Chapitre 1 : Carnet de bord du conducteur de train

Armored Train in the ApocalypseArmored Train in the Apocalypse
Chapitre 1

Chapitre 1 : Carnet de bord du conducteur de train

Chapitre 1/1100%~15 min de lecture2 880 mots

Deux rails polis jusqu'à briller luisaient sous la lumière du soleil.

Un train passa en rugissant, et les « foules » qui erraient dans les champs et les villages accoururent en masse, courant et bondissant.

Parmi elles, dans plusieurs voitures, un groupe de passagers semblait contaminé par cet « enthousiasme » : ils sortaient le buste par les fenêtres l'un après l'autre et criaient à tue-tête en réponse.

Dans les voitures restantes, malgré la foule tassée à craquer, il régnait une indifférence glacée, sans un seul bruit.

...

« Il y a 1226 personnes dans ce train, 670 hommes et 556 femmes. »

« Mais seules 2 personnes peuvent vivre à l'avant du train, et les 1224 autres n'ont droit qu'aux voitures de queue. »

« Tu dis que tu veux nous rejoindre, pourquoi ? »

Su Huan avait un léger sourire sur le visage et scrutait la fille devant lui sans la moindre retenue.

Elle portait un tee-shirt gris de petite taille, resserré à la taille, et en dessous un jean bleu foncé qui épousait parfaitement la courbe de ses jambes, le bas des jambes s'évasant aux chevilles comme une petite fleur simple et élégante.

La fille analysa calmement : « Je suis en génie mécanique et électronique, cursus intégré licence-master, actuellement en master. Mon père est ingénieur des chemins de fer. Si vous avez besoin de réparations ou de modifications sur le train, je peux vous aider, et je fais du sport régulièrement, donc je suis en bonne santé et je ne vous ralentirai pas. »

Su Huan fut assez surpris intérieurement : il ne s'attendait pas à trouver un vrai talent parmi ces gens. Un peu verte, certes, mais son projet de train blindé avait absolument besoin d'elle.
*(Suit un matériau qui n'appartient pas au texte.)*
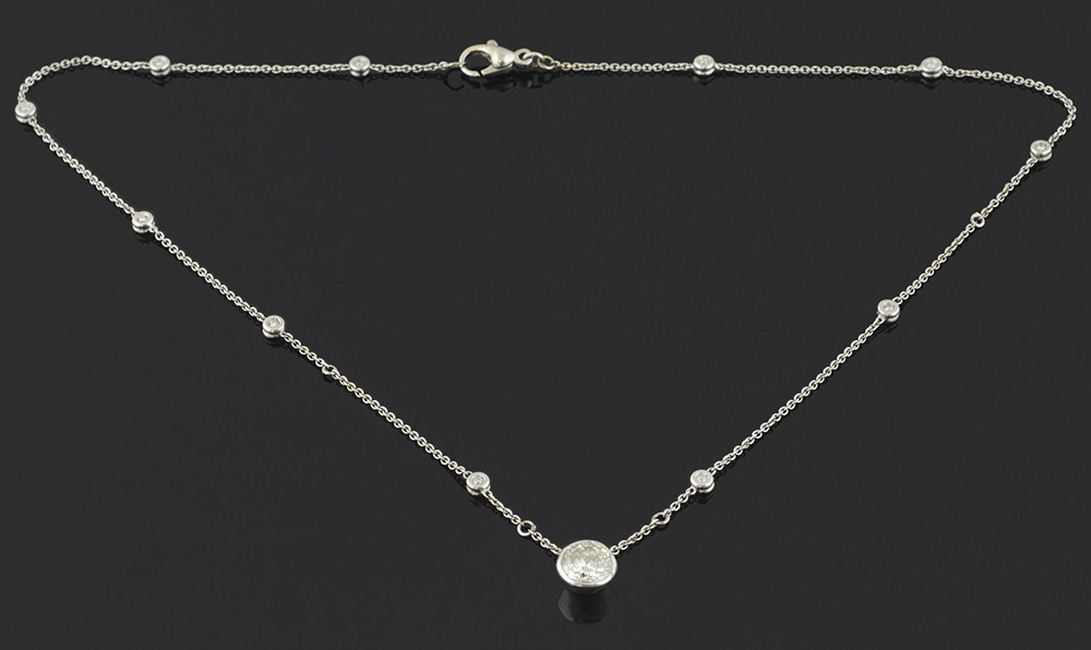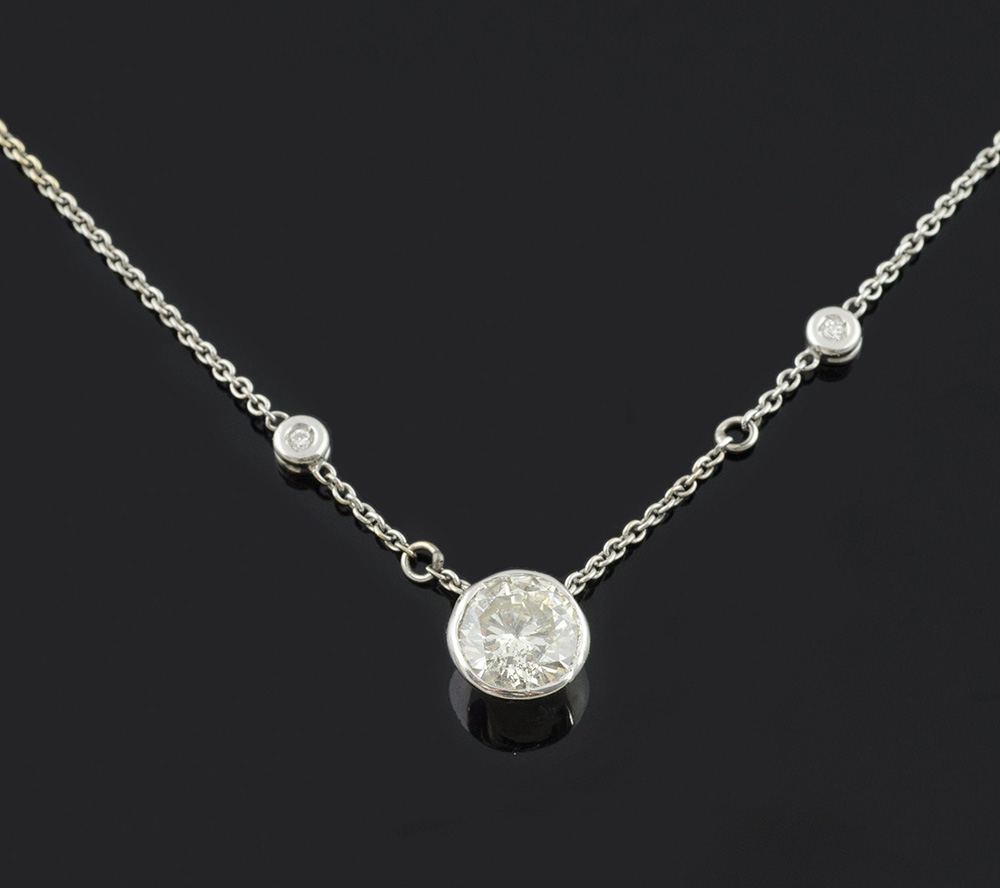 Collana in oro bianco intervallata da diamanti taglio brillante per ca ct 0,50 con pendente centrato da diamante taglio brillante per ct 2, Purezza P2, Colore K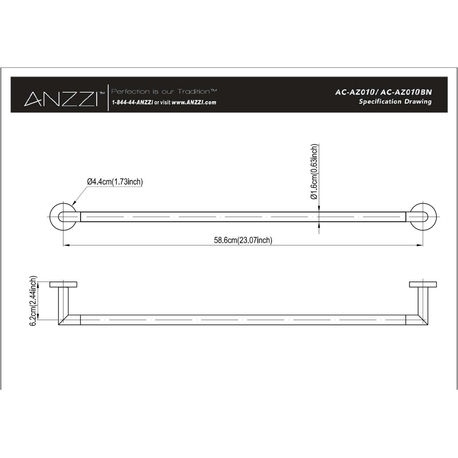 ANZZI bathroom hardware is crafted using RHINO ALLOY certified modern century stainless steel and zinc materials for reliable durability and superior performance. The inspired trending European design is a seamless compliment to any modern or contemporary bathroom décor. This ANZZI wall mounted Caster 2 Series Towel Bar is cast in a brilliantly striking ANZZI Lustrous Polished Chrome finish.Lustrous Polished Chrome finishRHINO ALLOY certified Ever-Shine Stainless Steel and Zinc constructionBrilliant Scratch Resistant SurfaceEasy wall mounted installation; hardware includedModern European inspired design brought to life through precision German engineeringSingle towel barAll mounting hardware includedShips from factory within 24 hours once order is processedLifetime WarrantyTo speak to a knowledgeable and dedicated ANZZI specialist simply call 1-844-44-ANZZI or visit us on the web at www.ANZZI.com

« Tu peux me donner ton nom maintenant. »

« Yu Jing. »

« Très bien, camarade Yu, tu es engagée. »

« Attendez ! » La fille coupa Su Huan. « J'ai une condition. »

Su Huan fronça les sourcils ; il n'aimait pas qu'on marchande avec lui, mais comme elle avait du talent, il se retint.

« Une condition ? »

« Prenez une personne avec moi. » Yu Jing tira une femme hors de la voiture de queue derrière elle ; la femme avait l'inquiétude entre les sourcils et le regardait d'un air anxieux.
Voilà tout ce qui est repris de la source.